Kubewarden

Introducing the Monitor mode

Author: Rafael Fernández López

Published:

Updated:

Policies are a core component of a Kubernetes cluster story that involves security, compliance and consistency.

Being this process an iterative one, it’s common for new policies to potentially reject operations that we might be issuing today in our production clusters.

As an example, we might have decided that it’s not possible to change certain annotations on existing resources after the fact. In this case, we don’t want to revoke UPDATE rights completely, but just to define an inalterable set of annotations after the resource has been created.

Following this example, it might happen that we haven’t audited to the last detail the code that is doing the rollout of existing resources of our stack.

Deploying this policy in a strict way will make certain rollouts to not succeed as expected, because some UPDATE operations will be rejected by the policy.

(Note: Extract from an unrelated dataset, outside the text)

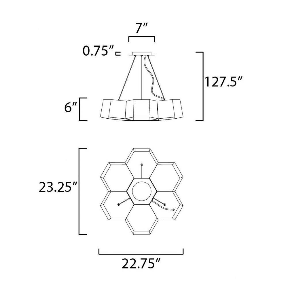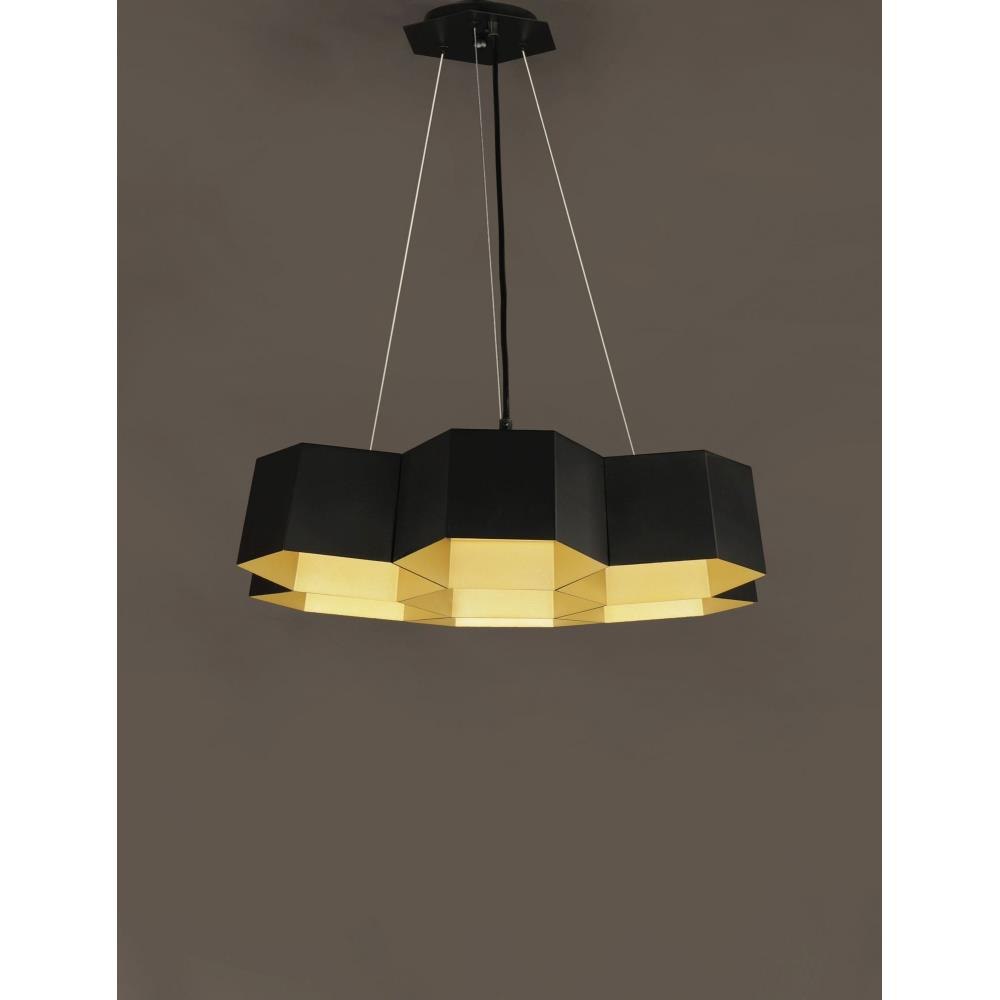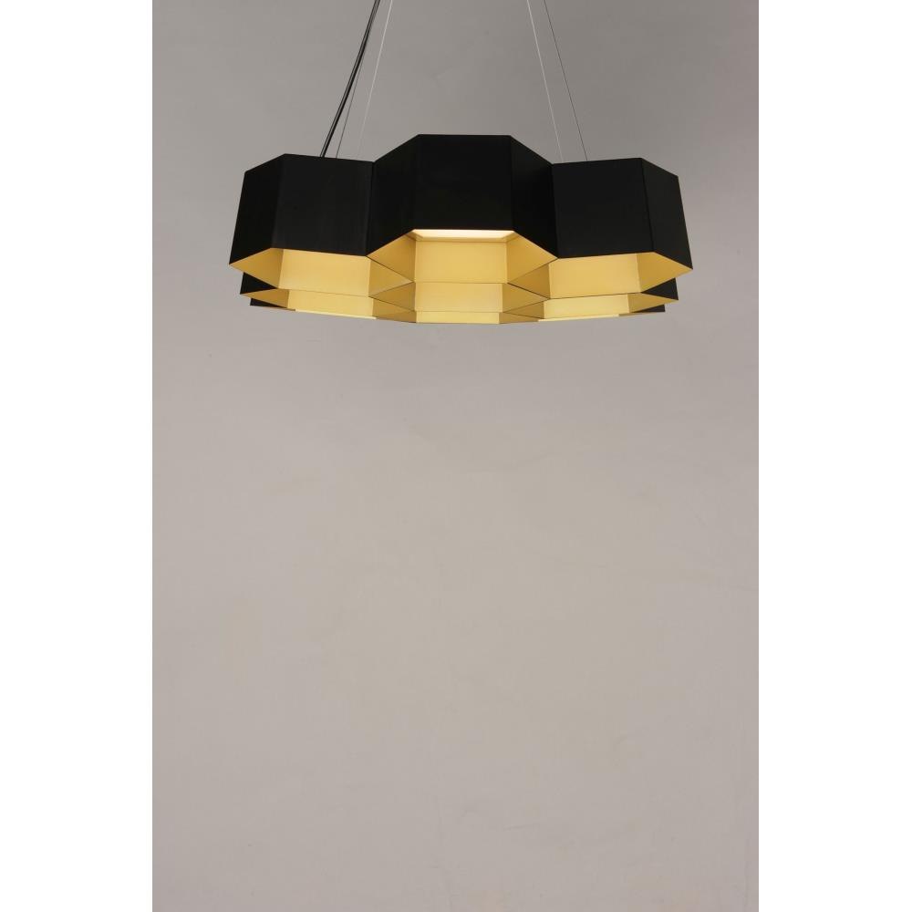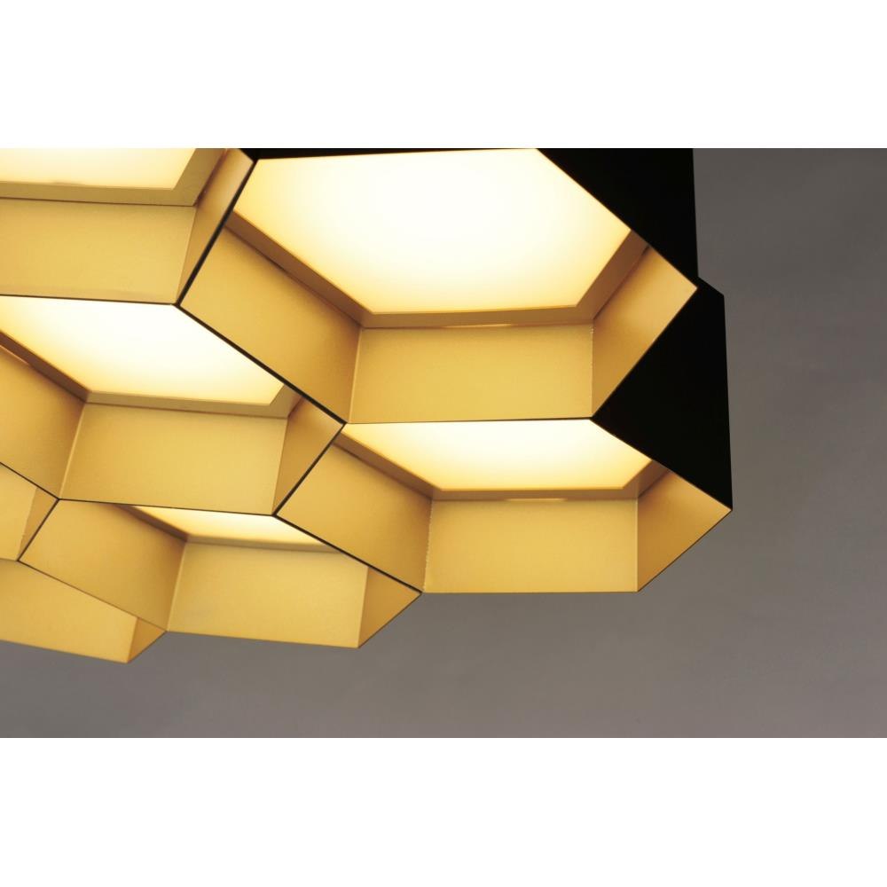 A series of hexagonal metal shades are slightly tapered to create a gentle arc when suspended together. The dramatic combination of Black with Gold interior adds flair to this unique and bold design. Ample illumination is provided by high power integrated LED and softened by acrylic diffusers recessed into each compartment.

There is some middle ground so that we can evolve our platform, and still accept these requests: the Monitor mode.

Policies can be deployed now in two different modes: monitor and protect. By default, they are deployed in protect mode, unless configured otherwise. This ensures compatibility with the current and expected behavior.

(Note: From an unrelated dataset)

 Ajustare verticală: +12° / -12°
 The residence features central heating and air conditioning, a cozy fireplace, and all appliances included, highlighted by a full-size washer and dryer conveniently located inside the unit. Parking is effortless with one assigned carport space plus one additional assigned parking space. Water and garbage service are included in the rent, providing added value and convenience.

With the Monitor mode, we are able to deploy new policies so that they will not reject or mutate any request they might be targeting. The rest of the mechanism for policy evaluation will work as usual, so that you can still:

  • Inspect the policy-server logs and traces for actions this policy would have taken had it been in protect mode.

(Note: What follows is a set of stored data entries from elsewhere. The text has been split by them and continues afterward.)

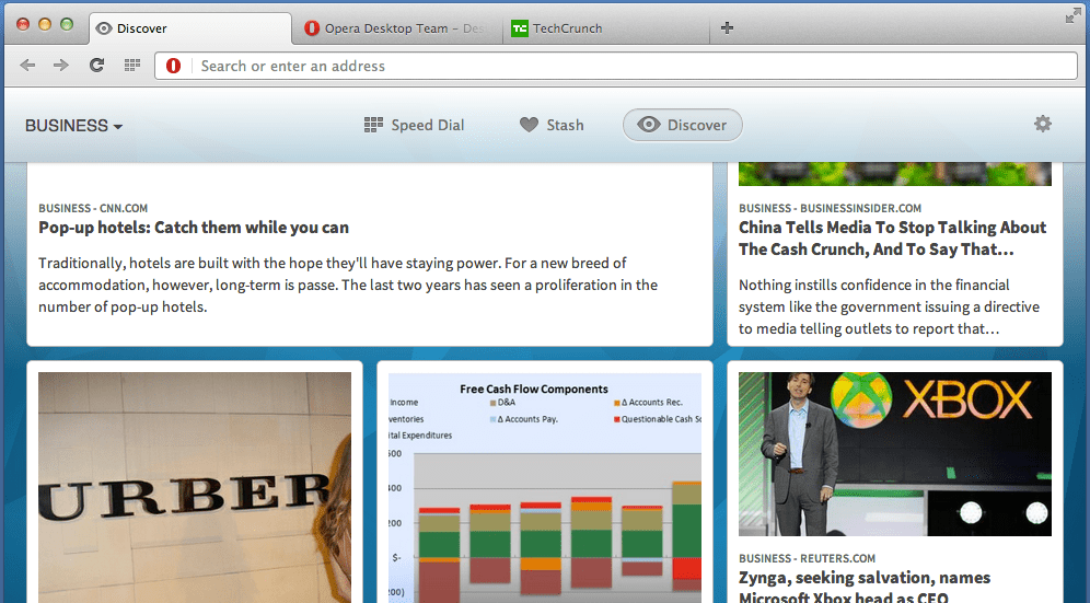 There are a couple of new features, a Discover tab very reminiscent of Google News with a Pinterest UI, a Stash tab that works like Safari’s “Reading List”. Opera Turbo is still there, but it’s now called the off-road mode.
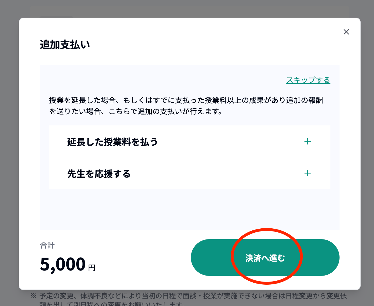 - 「延長した授業料を払う」または「先生を応援する」ボタンを選択し、金額をご入力の上「決済へ進む」ボタンを押してください ※ご入力いただいた金額からシステム手数料(25%+税)が引かれた額が先生に支払われます
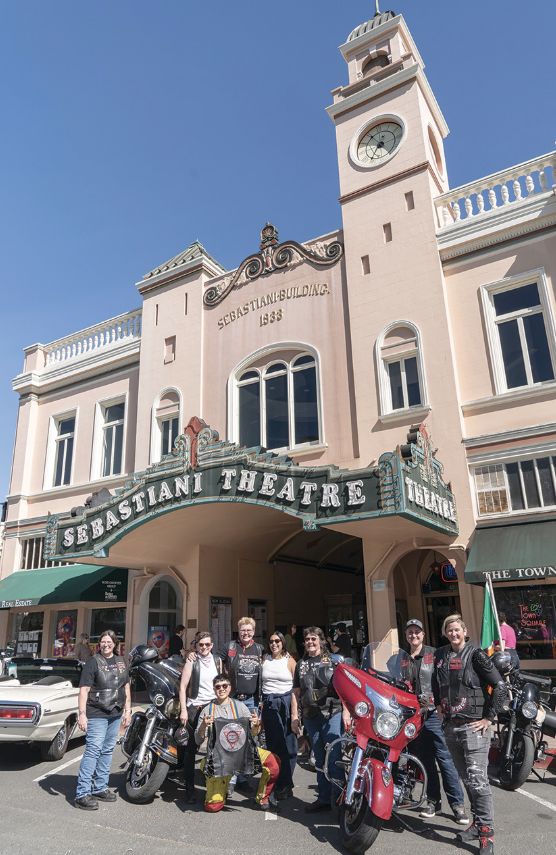 (right) San Francisco Dykes on Bikes® gathered in front of the Sebastiani Theater, which they went to for a screening of Beyond the Rainbow presented by Sonoma Valley Pride (March 15, 2026).
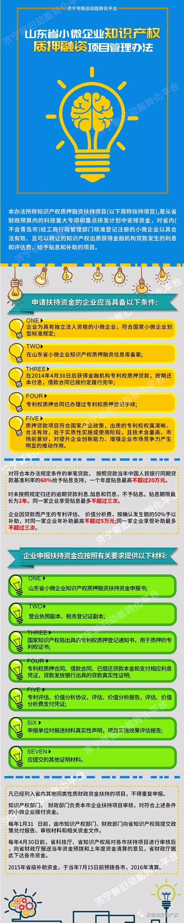 本辦法為推動(dòng)大眾創(chuàng)業(yè)、萬(wàn)眾創(chuàng)新,支持小微企業(yè)發(fā)展,提高財(cái)政資金使用效益,更好的發(fā)揮財(cái)政資金引導(dǎo)作用而特制。本辦法所稱知識(shí)產(chǎn)權(quán)質(zhì)押融資扶持項(xiàng)目(以下簡(jiǎn)稱扶持項(xiàng)目),是從省財(cái)政預(yù)算內(nèi)的科技重大專項(xiàng)和重點(diǎn)研發(fā)計(jì)劃中安排資金,對(duì)省內(nèi)(不含青島市)經(jīng)工商行政管理部門核準(zhǔn)登記注冊(cè)的小微企業(yè)以其合法有效、且可以轉(zhuǎn)讓的知識(shí)產(chǎn)權(quán)出質(zhì)獲得金融機(jī)構(gòu)貸款發(fā)生的利息和評(píng)估費(fèi),給予貼息和補(bǔ)助的項(xiàng)目。
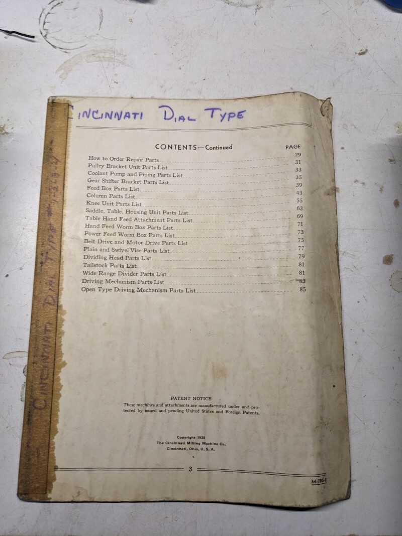 Cincinnati Service Manual Repair Part List Catalog #1 2 3 4 Milling M-786-2
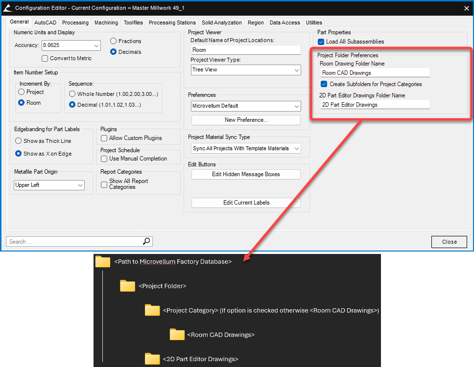 In an effort to streamline and organize the Project Folders, it would be helpful to have some folder structure options within the Microvellum Toolbox Options. For example, having the options to organize room CAD drawings and 2D Part Editor CAD drawings would be a tremendous help - see image below.
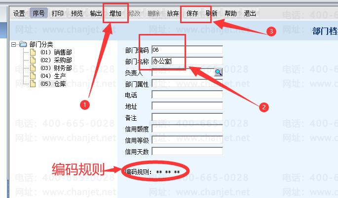 部门档案和存货分类客户分类一样,有编码规则,按照正常的编码规则即可,如下图:增加、编码名称、保存即可。
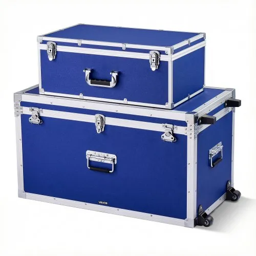 VEVOR Metal Storage Trunk, Set of 2, Wooden Suitcase Storage Boxes with Padlocks, Large Trunk Includes Casters and 3 Metal Handles, Decorative Store Chest with Lids for Travel, Apartment, Dorm, Blue
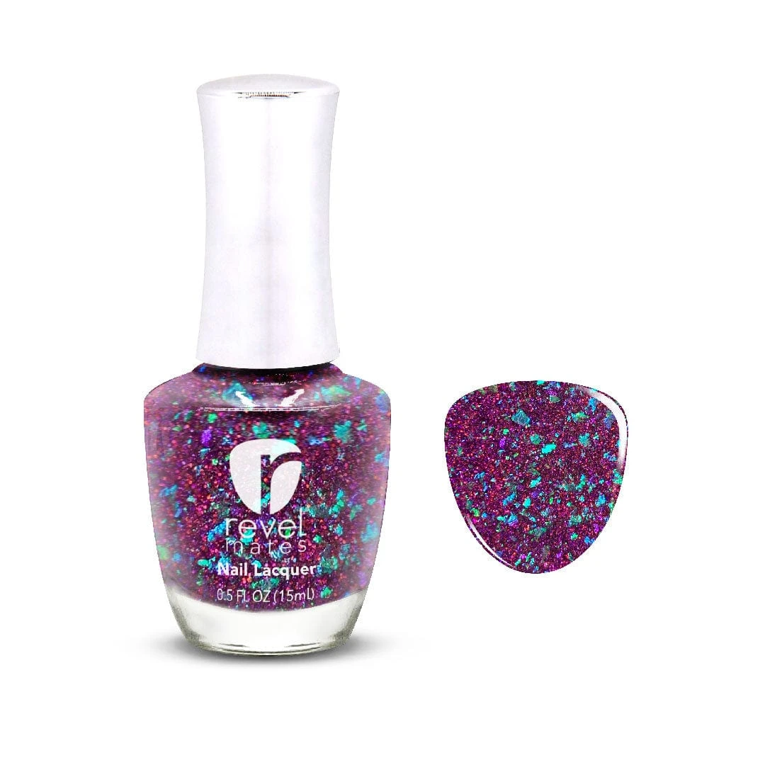 Seduce is a boysenberry purple with turquoise and green flakes.

  • Inspect the policy-server metrics, given the mode is now part of the metric baggage.

Transitioning the mode

Given an existing policy, it’s possible for it to transition from monitor to protect mode, but not the other way around.

This ensures that users with RBAC permissions to update policies can only make the policy more strict, never less strict. In order for a policy to transition from protect to monitor it would need to be deleted and recreated in monitor mode, what would require DELETE permissions.

Wrapping up

We think the Monitor mode is very interesting for organizations to start adopting policy-as-code in a safer way, so they can be confident about the consequences deploying new policies will have on their existing operations.